Training Dogs for Awake, Unrestrained Functional Magnetic Resonance Imaging

Magnetic Resonance Imaging conducted in unrestrained dogs is a new method that creates a fresh way of examining function and structure in the dog brain. The method is humane, cost effective, and it works, not only for dogs in this research context, but as a scaffold for other husbandry behavior training programs. The transferring classical counter-conditioning strategies help the dogs to rapidly acclimate a robust stationing behavior to the scanner environment.

Because the protocol is cost effective, it is generalizable to trainers around the world without regular access to an MRI scanner. For active, auditory exposure sessions, transport the dog to a familiar indoor training room. And play scan audio at the session’s specified volume.

After ten seconds, engage in 20 seconds of toy play with the dog while the scanner noise is still audible. After 20 seconds of play, retrieve the toy from the dog and pause the noise. Then wait with the dog in silence without the reward for 10 seconds before starting the next trial.

Conduct one session of 10 trials per week for 12 weeks increasing the decibel volume over the sessions throughout the duration of the training period. To capture the chin target to towel with the dog standing, sitting, or in the down position, click, then treat to allow the dog to investigate the towel. Once the dog will investigate the towel reliably, click then treat for any nose to towel and subsequent chin to towel contact until the towel contact duration reaches at least two seconds for up to five minutes per session.

When the dog will chin target for at least 26 seconds, click then treat for any investigation of the foam chin rest apparatus. After several reinforced investigations of the apparatus, cue rest and click then treat for one to two seconds of chin contact for five to 15 minutes of training until 40 seconds of contact is achieved. For mock MRI stationing sessions, invite the dog to jump or lift the dog into the mock bore and cue the dog to lie down, clicking then treating.

Cue the dog to rest.
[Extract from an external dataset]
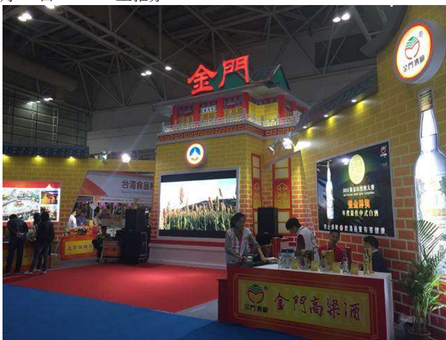
518 海交會金門展攤搶眼。

And click then treat for one to 12 seconds of chin targeting to the foam chin rest in the elevated bore in 5 to 15 minute sessions until the duration increases to 60 seconds. Reinforce less precise approximations of the behavior initially, as the trainer will have the opportunity to selectively reinforce for better alignment precision in later reps.

When the dog can chin target in the mock bore for at least 60 seconds, cue down and rest, and outfit the dog with ear padding. Place scan audio at a barely audible volume between zero and 40 decibels. And click then treat for one to 12 seconds of chin contact in 15 to 30 minute training sessions until the duration lasts at least 107 seconds.

When the dog can sustain five minutes in down stay in the chin rest in the mock bore and mock RF coil, while wearing ear padding with the scanner noise playing at 80 to 110 decibels, stand or sit beside portable mock bore with the mock RF coil, and gesture to the dog to enter the new bore. Cue down and rest, and outfit the animal with ear padding. Place scan audio at 80 to 110 decibels.

And click then treat for 1 to 30 seconds of stationing in the new location. Next probe for the criterion duration, reinforcing at 5 minutes or when the dog breaks. Once the dog has generalized the stationing behavior to criterion in five distinct transfer locations, the dog is ready for data collection in the real MRI environment.

Here, the maximum duration of four dogs trained in this protocol, as demonstrated for the last three sessions at the end of training and the different training locations is shown. The performance was stable at the end of stationing training and all of the dogs transferred to the mock training locations with a max duration equivalent to training. Three of the dogs transferred to the MRI scanner and demonstrated repeated bouts of the max possible duration of 206 seconds.

The one dog that did not transfer to the MRI scanner had a larger head than the other dogs and could not comfortably fit within the coil, likely contributing to its unwillingness to participate in the scans. Once trained to participate in functional MRI scans, we can glean sensory processing information within several modalities. For example, adjacent but different brain areas at the temporal cortex in the dog brain are active for processing dog and human faces.

Green regions represent areas of the brain more active for human faces contrasted with dog faces. While red regions represent areas of the brain more active for dog faces, contrasted with human faces. While the olfactory bulb, periamygdala, anterior olfactory cortex, entorhinal cortex, and piriform lobes are active in both awake and anesthetized dogs, the regions implicating higher order cognitive processing are activated mainly in awake dogs.

The protocol is designed around the idea that head motion is incompatible with a robust chin rest behavior, which is generalized to occur in multiple settings. While canine functional MRI is in its naissance stages, the future is promising for the continued use of humanity’s best friend in understanding brain behavior relationships. For example, our findings can advance the understanding of how to better select, train, and employ dogs for tasks that benefit society such as detecting hazardous threats like explosives.

With the robust method of scanner acclimation, the limitations of the utility of the scanner are bound only by the creativity of the researcher’s questions and experimental designs.